I have iframe on a page, the iframe and the parent page are in different domain, can a javascript code on the parent page access elements inside this iframe?
It should not be able to if the pages are from different domains, the browsers security sandbox should prevent this type of access. It might work when the two pages are from different sub domains of the same domain, but that can and will differ between browsers (and possibly even versions of the same browser).
Accessing the child iframe might work, but the other way around will most certainly not work.
The easiest way would be through the frames object on window like this:
window.frames[0].document.getElementById('ElementId').style.backgroundColor="#000";
If the two domains are completely seperate then it is impossible
It could be done with Chrome using --disable-web-security parameter... ;)

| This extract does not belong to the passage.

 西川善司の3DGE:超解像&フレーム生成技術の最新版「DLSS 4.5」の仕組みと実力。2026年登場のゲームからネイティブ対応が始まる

Use jQuery.postMessage plugin http://benalman.com/code/projects/jquery-postmessage/docs/files/jquery-ba-postmessage-js.html
Browsers Tested Internet Explorer 6-8, Firefox 3, Safari 3-4, Chrome, Opera 9.

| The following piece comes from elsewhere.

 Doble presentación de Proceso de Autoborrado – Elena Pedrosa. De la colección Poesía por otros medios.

You can use CORS to achieve this, specifically changing the 'document.domain' value to match in both parent & child. But, please undestand the security implications of this, and that you require access to the source code of both parent & child documents.
This is especially important if you own multiple sub domains. I use this technique all the time, so I know it works, even with SSL.
Yes, via the document.frames
array you can access iframes.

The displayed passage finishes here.